Network modules 120 and 122 may be configured to allow nodes 116 and 118 to connect with client systems, such as clients 108 and 110 over network connections 112 and 114, to allow the clients to access data stored in data storage systems 102 and 104. Moreover, network modules 120 and 122 may provide connections with one or more other components of system 100, such as through network 106. For example, network module 120 of node 116 may access data store device 130 via communication via network 106 and data module 126 of node 118. The foregoing operation provides a distributed storage system configuration for system 100.
Clients 108 and 110 of embodiments comprise a processor (e.g., CPU, ASIC, PGA, etc.), memory (e.g., RAM, ROM, disk memory, optical memory, flash memory, etc.), and suitable input/output circuitry (e.g., NIC, wireless network interface, display, keyboard, data bus, etc.). The foregoing processor-based systems may operate under control of an instruction set (e.g., software, firmware, applet, code, etc.) providing operation as described herein.
Network 106 may comprise various forms of communication infrastructure, such as a SAN, the Internet, the public switched telephone network (PSTN), a local area network (LAN), a metropolitan area network (MAN), a wide area network (WAN), a wireless network (e.g., a cellular communication network, a wireless LAN, etc.), and/or the like. Network 106, or a portion thereof may provide infrastructure of network connections 112 and 114 or, alternatively, network connections 112 and/or 114 may be provided by network infrastructure separate from network 106, wherein such separate network infrastructure may itself comprise a SAN, the Internet, the PSTN, a LAN, a MAN, a WAN, a wireless network, and/or the like.
As can be appreciated from the foregoing, system 100 provides a data storage system in which various digital data (or other data) may be created, maintained, modified, and accessed (referred to collectively as data management). A logical mapping scheme providing logical data block mapping information, stored within and stored without the data structures, may be utilized by system 100 in providing such data management. For example, a filesystem implemented by data store devices 128 and 130 may implement a logical data block allocation technique.

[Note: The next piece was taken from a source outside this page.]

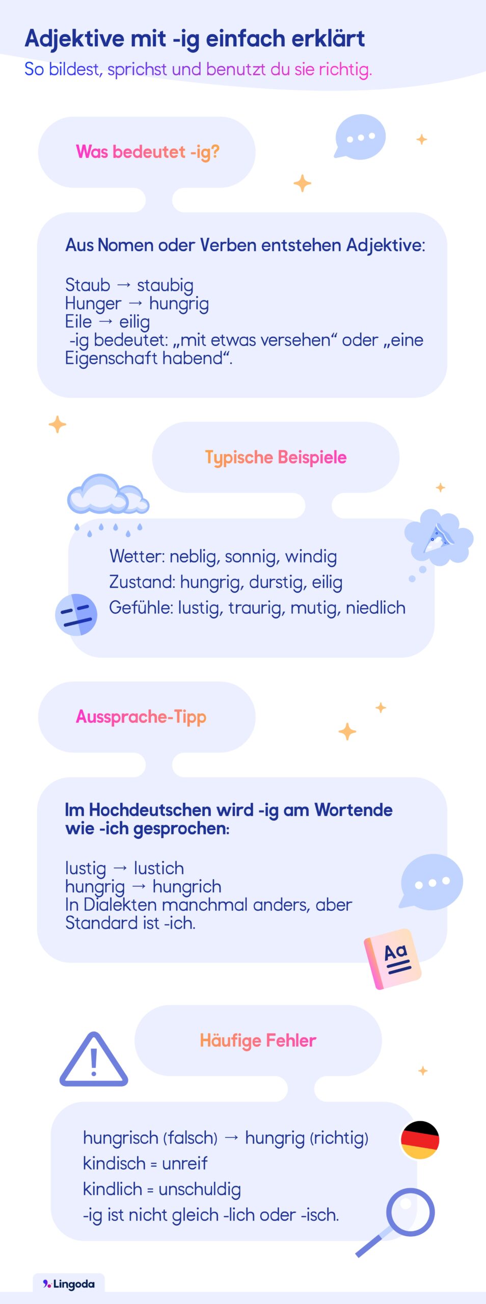 Ein Stolperstein für viele Lernende ist die richtige Aussprache von -ig. Im Hochdeutschen wird die Endung am Wortende fast immer wie -ich gesprochen. Das bedeutet, dass lustig eher wie lustich klingt und hungrig wie hungrich. In der Wortmitte oder vor einem Vokal kann das g erhalten bleiben, zum Beispiel in tigerig.

In the exemplary configuration of system 100, clients 108 and 110 utilize data storage systems 102 and 104 to store and retrieve data from data store devices 128 and 130. In such an embodiment, for example, client 108 can send data packets to N-module 120 in node 116 within data storage system 102. Node 116 can forward the data packets to data store device 128 using D-module 124. In this example, the client 108 may access data store device 128, to store and/or retrieve data, using data storage system 102 connected by network connection 112. Further, in this embodiment, client 110 can exchange data with N-module 122 in node 118 within data storage system 104 (e.g., which may be remote from data storage system 102). Node 118 can forward the data to data storage device 130 using D-module 126, thereby accessing the data storage device 130.
DR provides protection in the event of a failure of one or more sites. In a DR scenario, a threshold number of nodes (e.g. all nodes) within a site fail thereby causing the entire site to be considered in failure. Upon a site failure, DR is operational to cause an operational node located in a different site to take over operations that were previously serviced by the failing node and its data storage devices. In DR, the node taking over the operations is located a larger distance away from the failing node (e.g. kilometers away).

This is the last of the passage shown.